▶ Try it:
Exclude all pictures, then write out exactly the lines below from the first one through the line with "在市委党史工作办公室副主任许".
___ Input material
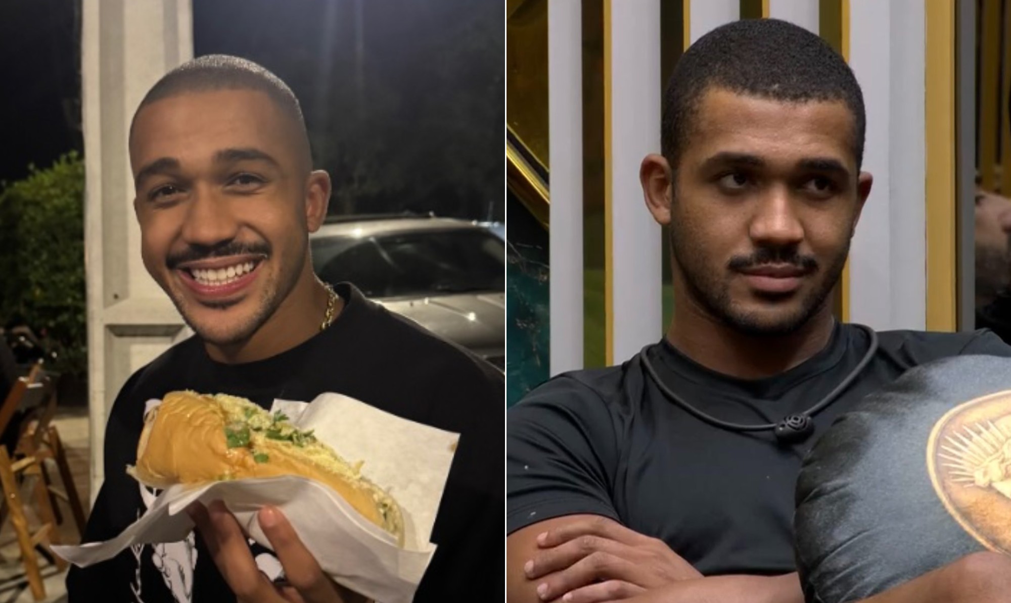O cachorro quente dele chegou a cair no chão, mas o ex-brother pegou o alimento de volta e comeu. "Consegui deixar cair o cachorro no chão... Sou muito atrapalhado mesmo (risos). Mas depois do quarto branco, xepa, a gente come mesmo assim", disse ele.
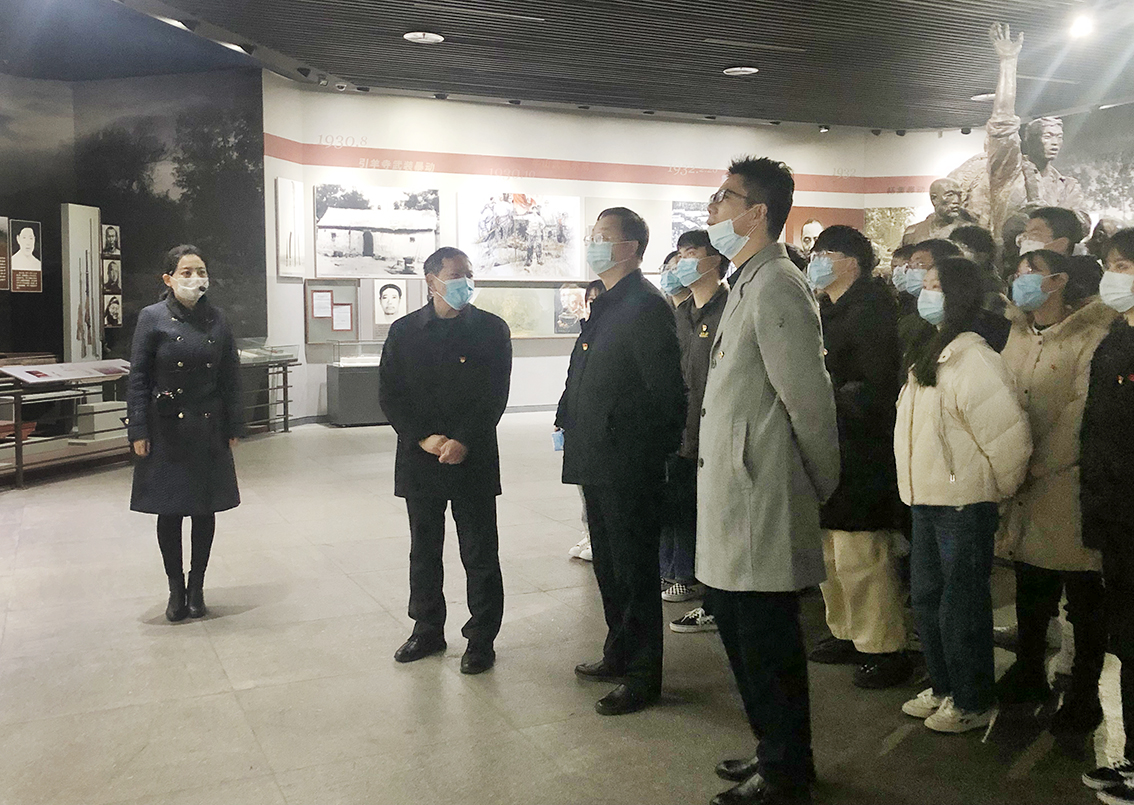 在市委党史工作办公室副主任许思文、革命纪念馆馆长白植明的陪同与讲解下,师生党员们一起参观了革命纪念馆展厅。在一册册书籍、一张张照片、一件件遗物的直观呈现下回顾了东海特支成立、连云港保卫战、刘少奇与连云港、八路军115师在连云港等峥嵘岁月,重温了中国共产党的百年光辉历史。
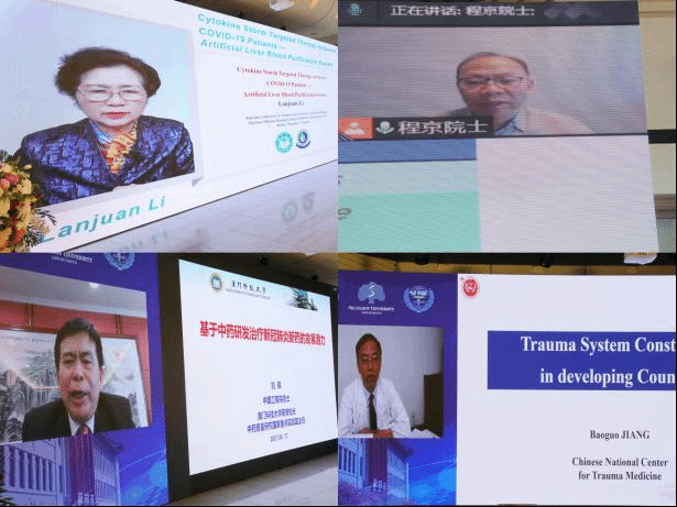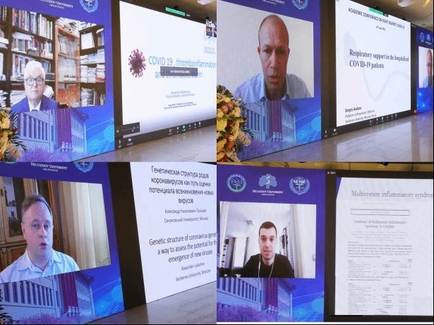 大会汇集了来自莫斯科国立第一医科大学、清华大学、北京大学、浙江大学、澳门科技大学、哈尔滨医科大学等多所大学的中俄两国医科院校的院士、著名专家学者以“线上+线下”的形式进行,参会人数两千余人。大会报告由黑龙江省医学科学院副院长张凤民教授,哈尔滨医科大学副校长、中俄医科大学联盟青年联盟中方主席许超千教授,莫斯科国立第一医科大学副校长丹尼斯·布纳鲁教授共同主持。中方由中国传染病诊治国家重点实验室主任李兰娟院士、中俄医科大学联盟中方主席杨宝峰院士、清华大学医学院讲席教授程京院士、中药质量研究国家重点实验室主任刘良院士、北京大学人民医院院长姜保国教授;俄方由俄罗斯妇产科协会副主席亚历山大·马卡特察里亚院士,俄罗斯联邦卫生部首席肺病专家谢尔盖·阿夫迪夫院士,莫斯科国立第一医科大学寄生虫学、热带和媒介传播疾病研究所所长亚历山大·卢卡舍夫院士及儿科传染病学主任丹尼尔·蒙布利特教授分别做了专题报告。双方专家汇聚于云端就新冠肺炎防治的新思路、新方法及发展中国家的创伤急救体系进行了深入的交流。
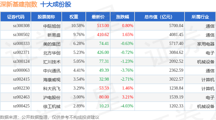 证券之星消息,10月28日,深新基建(399274)指数报收于6011.9点,跌0.22%,成交1534.13亿元,换手率2.69%。当日该指数成份股中,上涨的有20家,沪电股份以3.21%的涨幅领涨,下跌的有30家,德赛西威以7.07%的跌幅领跌。
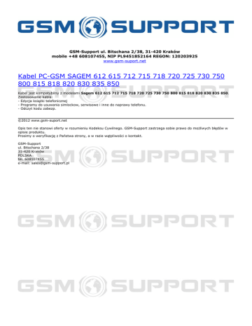 GSM-Support ul. Bitschana 2/38, 31-420 Kraków mobile +48 608107455, NIP PL9451852164 REGON: 120203925 www.gsm-suport.net Kabel PC-GSM SAGEM 612 615 712 715 718 720 725 730 750 800 815 818 820 830 835 850 Kabel jest kompatybilny z modelami Sagem 612 615 712 715 718 720 725 730 750 800 815 818 820 830 835 850. Zastosowanie kabla: - Edycja książki telefonicznej - Programy do usuwania simlockow, serwisowe i inne do naprawy telefonu. - Odczyt kodu zabezp. ©2012 www.gsm-suport.net Opis ten nie stanowi oferty w rozumieniu Kodeksu Cywilnego. GSM-Support zastrzega sobie prawo do możliwych błędów w opisie produktu. Prosimy o weryfikację z Państwa strony, a w razie wątpliwości o kontakt. GSM-Support ul. Bitschana 2/38 31-420 Kraków POLSKA tel. 608107455 e-mail: [email protected] Powered by TCPDF (www.tcpdf.org)
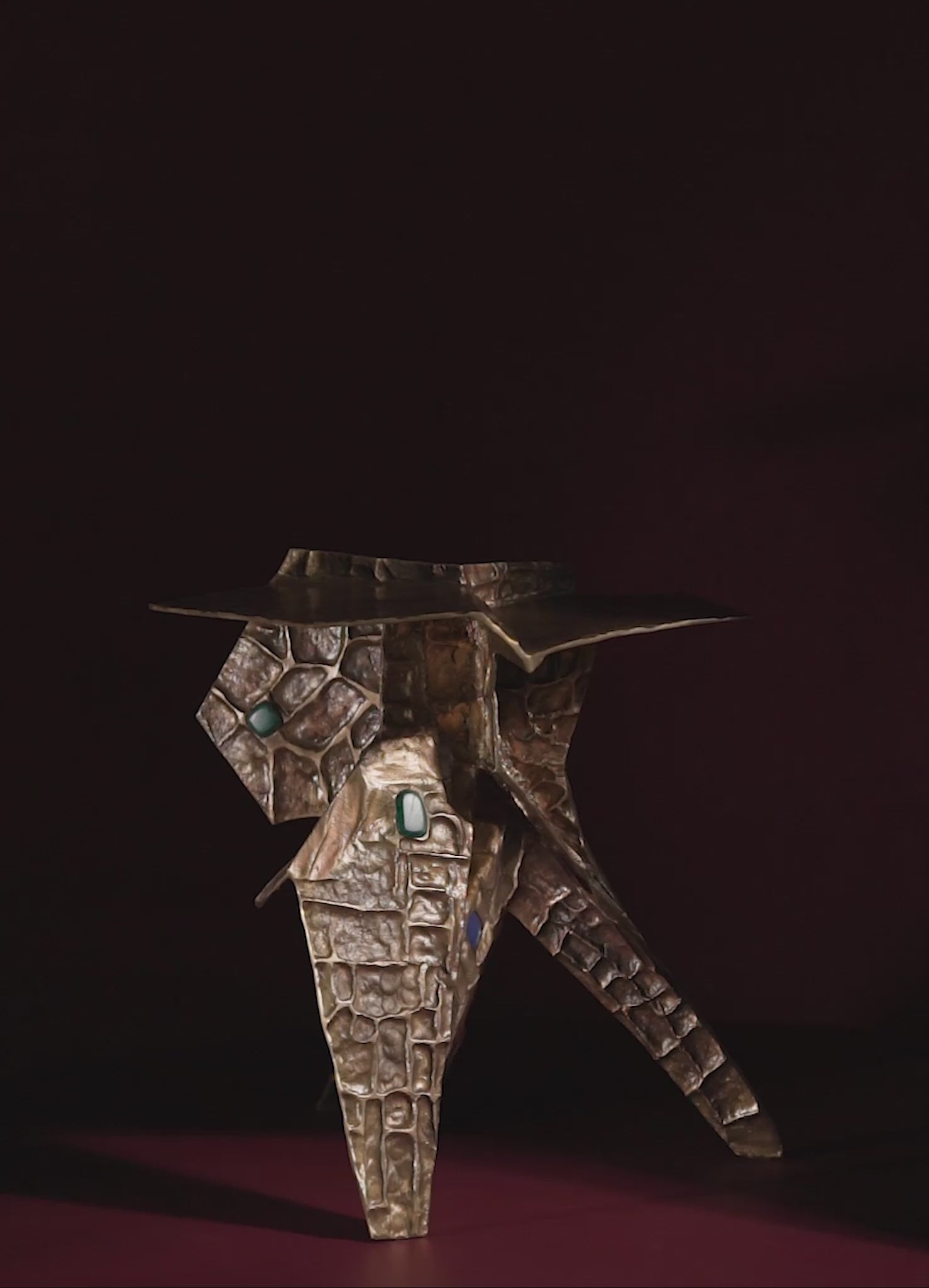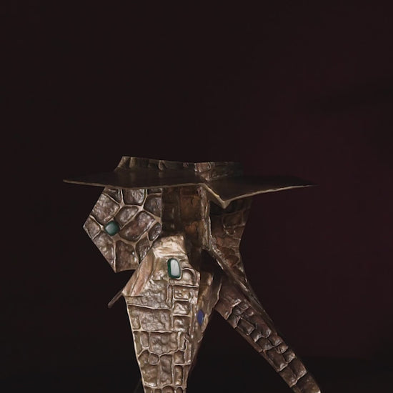 Side Table in brass with semi precious inserts. Handmade in India.
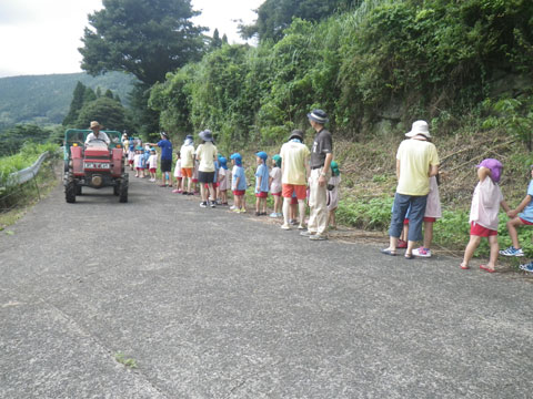 トラクターに道を譲る、こんな風景もキャンプならでは
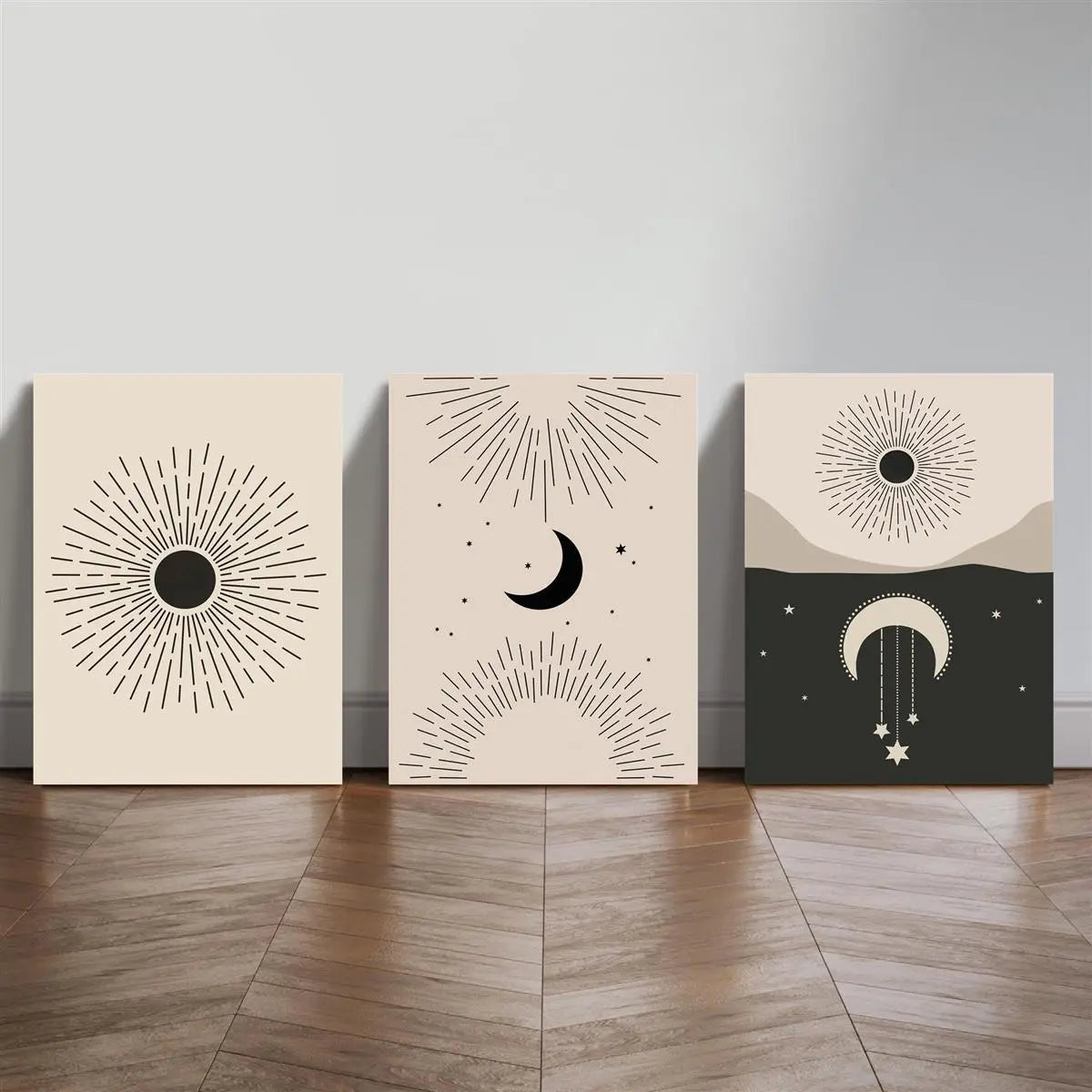 3pcs Sun, Moon & Stars, Contemporary Bohemian Gallery Metal Print Ready to Hang Art
______
▶ Result of this exercise:
O cachorro quente dele chegou a cair no chão, mas o ex-brother pegou o alimento de volta e comeu. "Consegui deixar cair o cachorro no chão... Sou muito atrapalhado mesmo (risos). Mas depois do quarto branco, xepa, a gente come mesmo assim", disse ele.
 在市委党史工作办公室副主任许思文、革命纪念馆馆长白植明的陪同与讲解下,师生党员们一起参观了革命纪念馆展厅。在一册册书籍、一张张照片、一件件遗物的直观呈现下回顾了东海特支成立、连云港保卫战、刘少奇与连云港、八路军115师在连云港等峥嵘岁月,重温了中国共产党的百年光辉历史。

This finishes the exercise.